‘Who can this man be? How much does he know?’ was her unspoken thought.
‘I am afraid you are ill, Mrs Boyd,’ remarked the Baronet.
‘A spasm; a mere nothing,’ she answered.—‘To return to what you were saying. I have neither seen nor heard anything of Don Diego Riaz for many years, and I hope neither to see nor hear anything of him in time to come. There was no love lost between him and me.’
‘His was a singular character, and strange tales were told of him. For instance, it was whispered that on one occasion when a certain member of his family left home without his knowledge or consent, he’——
‘Spare me the recital, I pray of you. The mere mention of that man’s name is hateful to me! utterly hateful!’ Her voice was charged with passion, her black eyes seemed to strike fire. She walked across to the window and then came back again.
Sir Frederick felt that he had pursued the topic as far as it was safe to do so. ‘’Tis she; I can no longer doubt,’ he murmured to himself. ‘I have not forgotten what I was told in Mexico.’
‘How much or how little does this man know?’ Estelle kept asking herself. She was seriously uneasy.
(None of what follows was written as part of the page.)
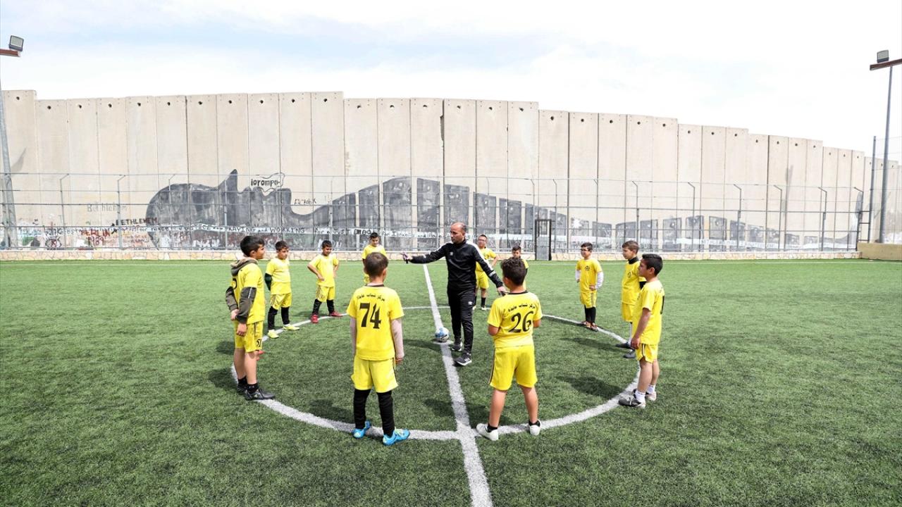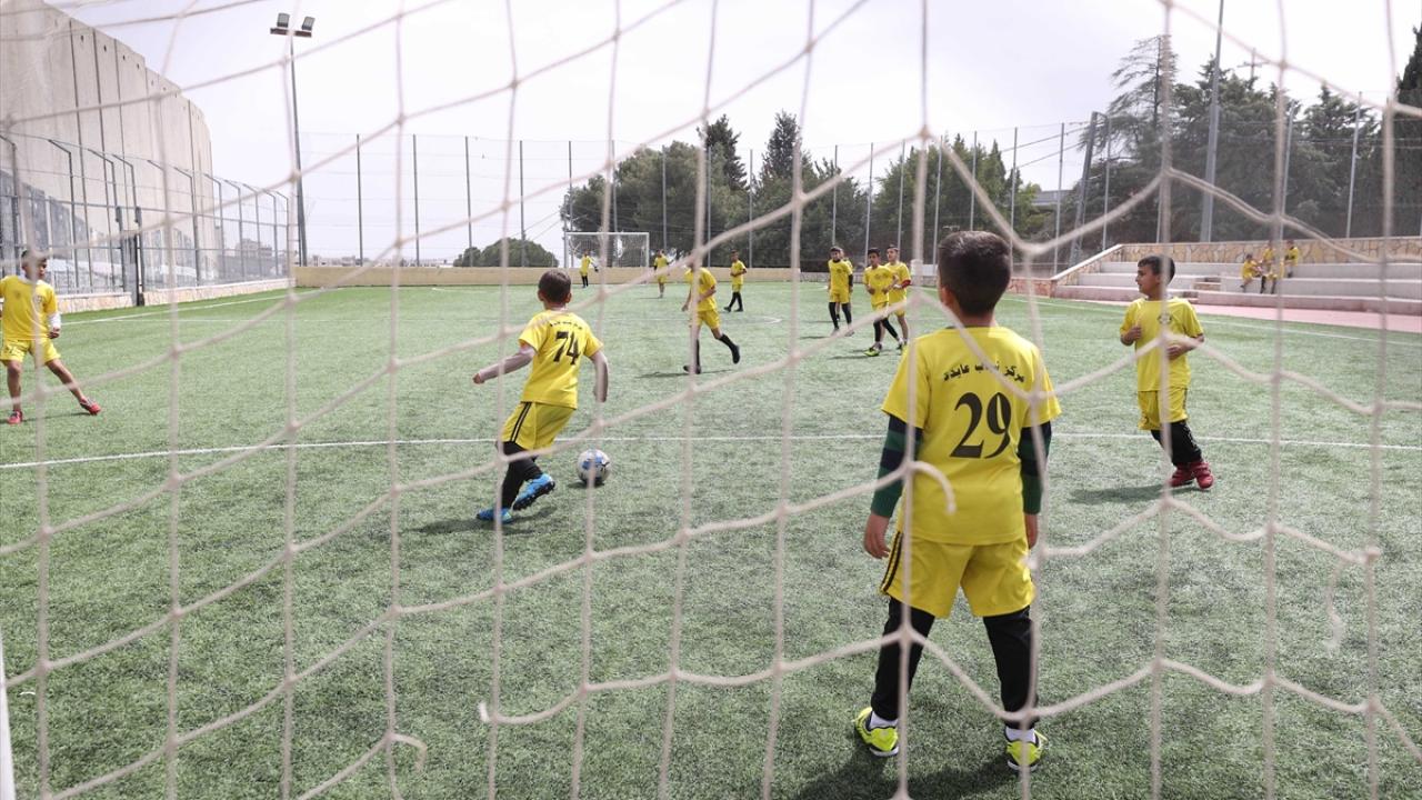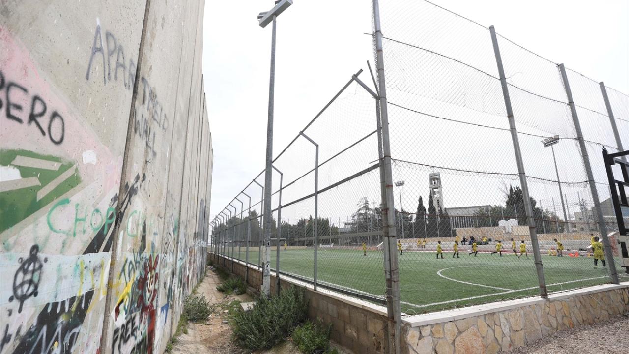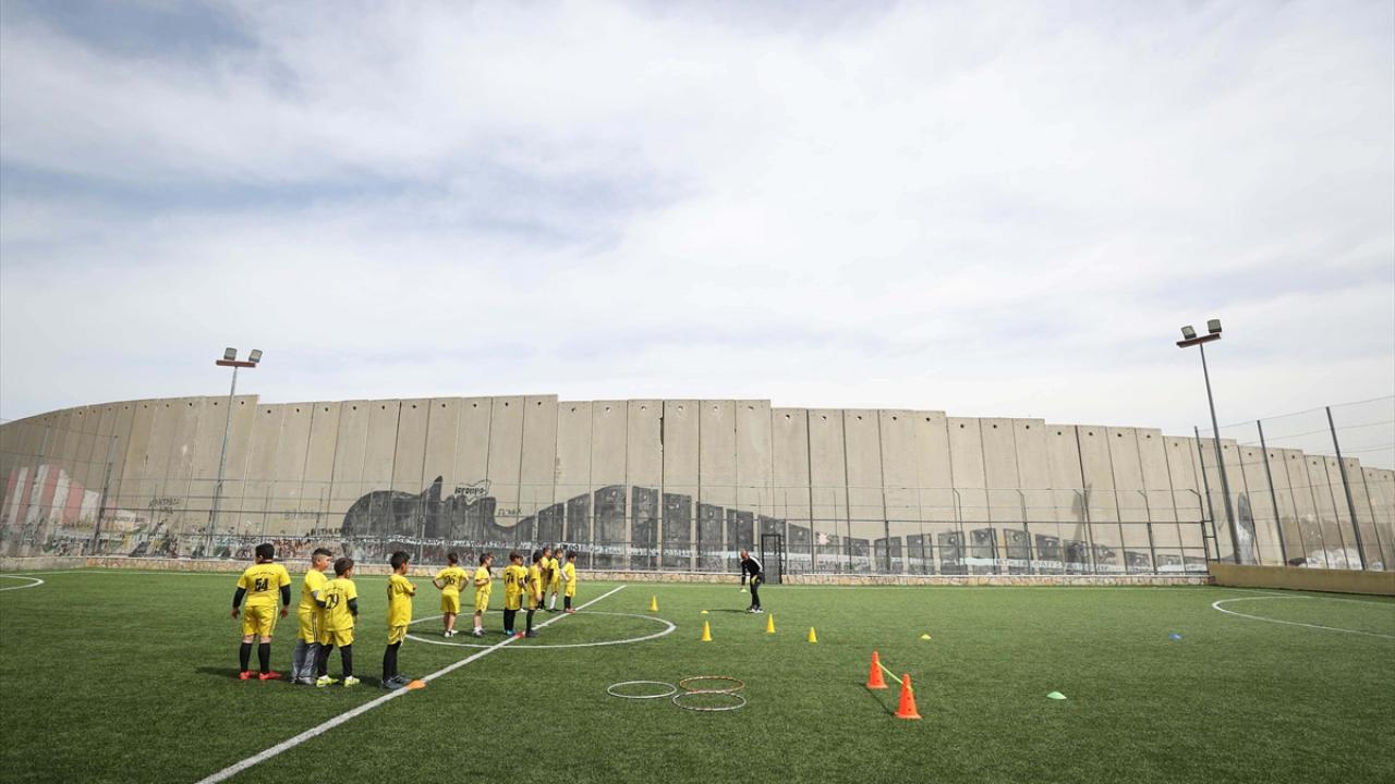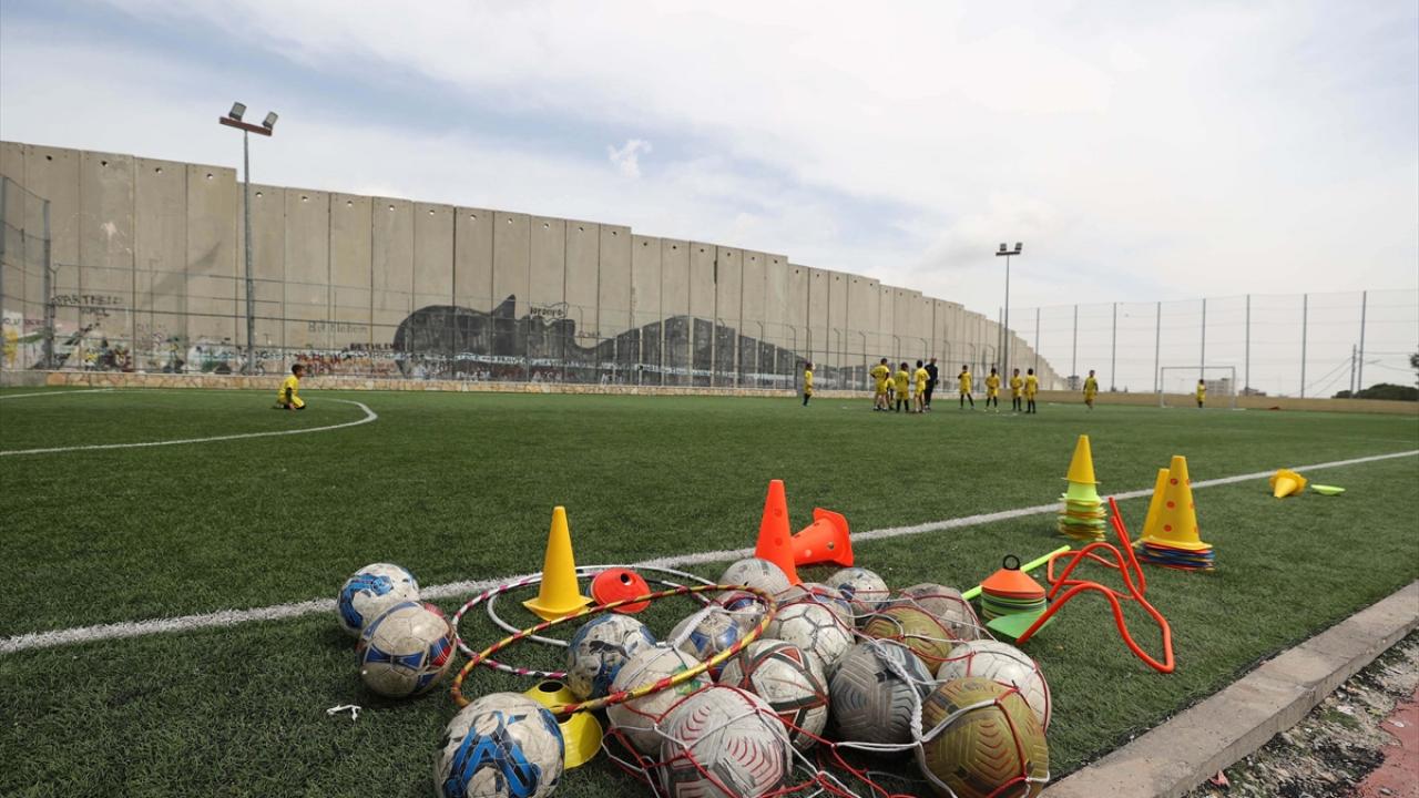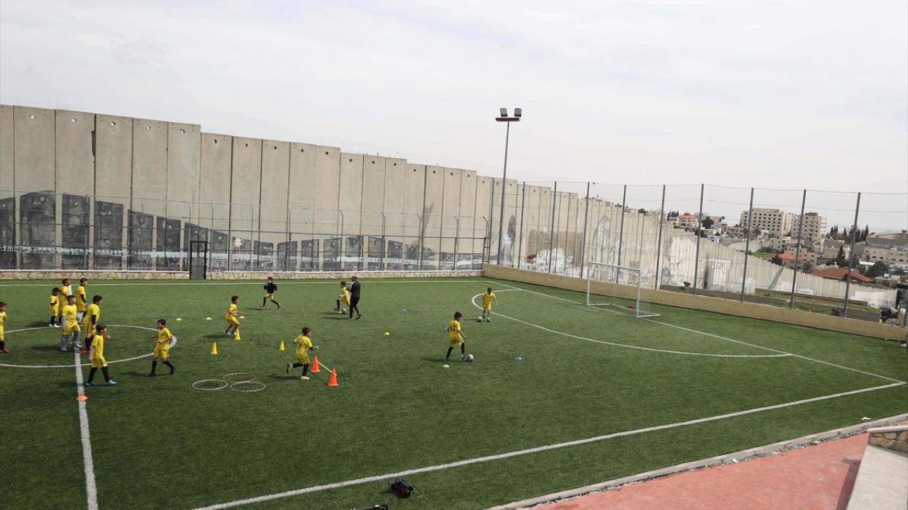 İşgal altındaki Batı Şeria'da üç tarafı İsrail'in Ayrım Duvarı'yla çevrili Ayide Mülteci Kampı'ndaki Filistinli futbolcular, antrenmanlarını duvarın ve askeri kulelerin gölgesinde yapmaya çalışıyor.

‘Do you purpose making a long stay in England, Mrs Boyd?’ asked the Baronet in his most matter-of-fact tone.
‘I think not, Sir Frederick. My husband talks about sailing for South America in a few days. He has lost nearly the whole of his fortune. N’est ce pas?’
‘I believe so. I was prodigiously sorry to hear of it.—Do you accompany your husband abroad, Mrs Boyd?’